* Information
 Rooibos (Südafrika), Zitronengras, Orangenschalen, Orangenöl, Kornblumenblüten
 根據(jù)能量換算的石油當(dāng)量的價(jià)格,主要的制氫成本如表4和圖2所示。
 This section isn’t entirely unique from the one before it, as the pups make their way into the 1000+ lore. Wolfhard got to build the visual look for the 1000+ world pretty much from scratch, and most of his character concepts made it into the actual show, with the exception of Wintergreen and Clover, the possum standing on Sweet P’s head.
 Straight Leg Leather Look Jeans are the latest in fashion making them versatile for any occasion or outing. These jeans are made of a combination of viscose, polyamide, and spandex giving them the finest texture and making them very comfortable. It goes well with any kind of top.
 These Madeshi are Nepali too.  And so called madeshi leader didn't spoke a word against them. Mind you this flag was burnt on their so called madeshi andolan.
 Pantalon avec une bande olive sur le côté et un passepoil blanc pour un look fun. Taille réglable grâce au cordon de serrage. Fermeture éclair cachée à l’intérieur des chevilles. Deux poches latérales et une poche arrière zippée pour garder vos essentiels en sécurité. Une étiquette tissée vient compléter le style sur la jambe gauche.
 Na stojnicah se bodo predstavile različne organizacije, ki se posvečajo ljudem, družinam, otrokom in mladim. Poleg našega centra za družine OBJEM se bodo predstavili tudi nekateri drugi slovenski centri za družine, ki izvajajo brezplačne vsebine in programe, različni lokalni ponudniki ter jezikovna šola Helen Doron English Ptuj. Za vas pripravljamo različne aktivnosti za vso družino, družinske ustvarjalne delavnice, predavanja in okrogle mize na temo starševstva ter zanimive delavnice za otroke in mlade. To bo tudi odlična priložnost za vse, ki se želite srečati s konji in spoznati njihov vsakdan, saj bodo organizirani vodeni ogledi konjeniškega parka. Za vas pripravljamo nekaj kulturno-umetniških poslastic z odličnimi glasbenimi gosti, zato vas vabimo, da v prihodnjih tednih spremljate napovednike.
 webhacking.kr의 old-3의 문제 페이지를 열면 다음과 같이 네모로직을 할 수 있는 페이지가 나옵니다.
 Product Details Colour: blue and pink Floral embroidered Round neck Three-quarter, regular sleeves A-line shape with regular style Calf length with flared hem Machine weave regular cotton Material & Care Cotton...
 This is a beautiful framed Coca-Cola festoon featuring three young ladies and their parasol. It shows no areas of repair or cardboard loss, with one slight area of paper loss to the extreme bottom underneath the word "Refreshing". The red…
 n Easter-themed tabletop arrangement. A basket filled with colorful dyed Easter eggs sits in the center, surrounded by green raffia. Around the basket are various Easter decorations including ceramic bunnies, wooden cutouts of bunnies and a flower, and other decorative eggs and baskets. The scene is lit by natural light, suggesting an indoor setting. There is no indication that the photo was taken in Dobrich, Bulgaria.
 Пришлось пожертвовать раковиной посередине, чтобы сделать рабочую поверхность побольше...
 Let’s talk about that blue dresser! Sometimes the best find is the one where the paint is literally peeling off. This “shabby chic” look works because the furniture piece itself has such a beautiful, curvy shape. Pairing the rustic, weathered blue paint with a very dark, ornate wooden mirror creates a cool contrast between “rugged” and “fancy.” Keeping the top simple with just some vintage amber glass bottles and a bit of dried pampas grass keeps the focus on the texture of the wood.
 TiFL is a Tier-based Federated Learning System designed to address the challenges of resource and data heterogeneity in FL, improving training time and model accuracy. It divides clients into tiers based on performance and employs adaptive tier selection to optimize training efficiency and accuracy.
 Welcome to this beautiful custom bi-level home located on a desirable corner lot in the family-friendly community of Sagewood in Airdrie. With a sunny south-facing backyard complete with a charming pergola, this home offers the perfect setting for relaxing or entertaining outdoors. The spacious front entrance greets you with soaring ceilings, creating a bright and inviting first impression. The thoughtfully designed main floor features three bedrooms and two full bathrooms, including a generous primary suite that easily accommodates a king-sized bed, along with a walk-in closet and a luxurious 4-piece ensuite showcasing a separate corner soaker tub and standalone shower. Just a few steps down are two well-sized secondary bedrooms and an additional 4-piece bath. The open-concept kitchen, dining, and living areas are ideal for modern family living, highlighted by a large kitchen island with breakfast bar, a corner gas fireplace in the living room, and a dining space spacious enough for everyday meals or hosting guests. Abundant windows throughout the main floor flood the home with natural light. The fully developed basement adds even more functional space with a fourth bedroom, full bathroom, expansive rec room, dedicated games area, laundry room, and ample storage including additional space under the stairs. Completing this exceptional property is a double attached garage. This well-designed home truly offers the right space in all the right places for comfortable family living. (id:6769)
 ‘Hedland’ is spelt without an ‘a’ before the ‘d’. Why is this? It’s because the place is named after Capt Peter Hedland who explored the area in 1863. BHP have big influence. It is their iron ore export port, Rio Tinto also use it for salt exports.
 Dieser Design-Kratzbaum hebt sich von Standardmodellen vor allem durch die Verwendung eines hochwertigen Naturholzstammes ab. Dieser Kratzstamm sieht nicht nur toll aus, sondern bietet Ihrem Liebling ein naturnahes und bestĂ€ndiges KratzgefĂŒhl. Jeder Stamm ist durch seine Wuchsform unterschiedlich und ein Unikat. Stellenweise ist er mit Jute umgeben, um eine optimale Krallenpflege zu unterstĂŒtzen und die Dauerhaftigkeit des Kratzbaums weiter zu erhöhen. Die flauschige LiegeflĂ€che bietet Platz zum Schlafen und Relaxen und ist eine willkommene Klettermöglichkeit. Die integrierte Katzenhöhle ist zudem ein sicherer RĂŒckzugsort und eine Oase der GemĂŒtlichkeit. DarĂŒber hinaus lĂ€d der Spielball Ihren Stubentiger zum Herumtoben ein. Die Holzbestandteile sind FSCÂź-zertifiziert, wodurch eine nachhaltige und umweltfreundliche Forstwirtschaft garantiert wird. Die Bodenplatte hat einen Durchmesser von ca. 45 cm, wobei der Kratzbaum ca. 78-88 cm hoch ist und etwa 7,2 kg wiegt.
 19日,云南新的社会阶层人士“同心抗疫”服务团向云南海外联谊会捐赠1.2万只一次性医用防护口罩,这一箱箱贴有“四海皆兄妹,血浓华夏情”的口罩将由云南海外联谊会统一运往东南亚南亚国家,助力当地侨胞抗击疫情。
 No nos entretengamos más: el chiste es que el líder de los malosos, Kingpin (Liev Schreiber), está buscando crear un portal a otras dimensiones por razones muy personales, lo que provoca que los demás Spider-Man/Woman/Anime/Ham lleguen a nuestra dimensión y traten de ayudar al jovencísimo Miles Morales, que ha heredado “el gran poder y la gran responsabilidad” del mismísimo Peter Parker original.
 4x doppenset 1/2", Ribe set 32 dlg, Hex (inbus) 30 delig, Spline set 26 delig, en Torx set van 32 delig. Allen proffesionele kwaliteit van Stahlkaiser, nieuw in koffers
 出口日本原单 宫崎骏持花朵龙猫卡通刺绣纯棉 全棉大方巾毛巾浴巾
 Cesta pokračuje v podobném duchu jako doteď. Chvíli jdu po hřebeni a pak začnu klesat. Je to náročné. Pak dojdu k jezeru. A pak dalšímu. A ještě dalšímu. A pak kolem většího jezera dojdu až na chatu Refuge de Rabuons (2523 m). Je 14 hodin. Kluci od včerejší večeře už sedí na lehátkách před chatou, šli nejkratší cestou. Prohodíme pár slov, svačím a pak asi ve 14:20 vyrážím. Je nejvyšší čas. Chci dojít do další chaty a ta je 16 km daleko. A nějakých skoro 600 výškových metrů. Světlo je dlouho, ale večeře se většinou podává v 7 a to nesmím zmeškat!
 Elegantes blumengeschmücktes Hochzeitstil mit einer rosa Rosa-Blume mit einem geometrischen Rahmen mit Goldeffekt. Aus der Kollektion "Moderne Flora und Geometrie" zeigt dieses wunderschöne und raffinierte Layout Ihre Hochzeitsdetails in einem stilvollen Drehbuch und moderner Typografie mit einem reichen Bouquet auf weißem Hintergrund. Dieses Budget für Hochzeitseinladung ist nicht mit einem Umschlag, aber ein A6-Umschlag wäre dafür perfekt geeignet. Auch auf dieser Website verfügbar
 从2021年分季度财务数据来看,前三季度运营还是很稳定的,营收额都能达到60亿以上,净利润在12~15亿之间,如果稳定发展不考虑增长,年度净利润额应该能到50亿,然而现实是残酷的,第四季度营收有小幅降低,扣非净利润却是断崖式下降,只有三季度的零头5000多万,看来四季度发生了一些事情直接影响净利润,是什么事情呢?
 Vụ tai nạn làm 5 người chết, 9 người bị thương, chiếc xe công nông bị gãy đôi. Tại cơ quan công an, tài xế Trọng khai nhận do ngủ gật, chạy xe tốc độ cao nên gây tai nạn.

* What is expected
Scan the records for lines with the word "texture". Report how many, with no other words.

* Written answer
2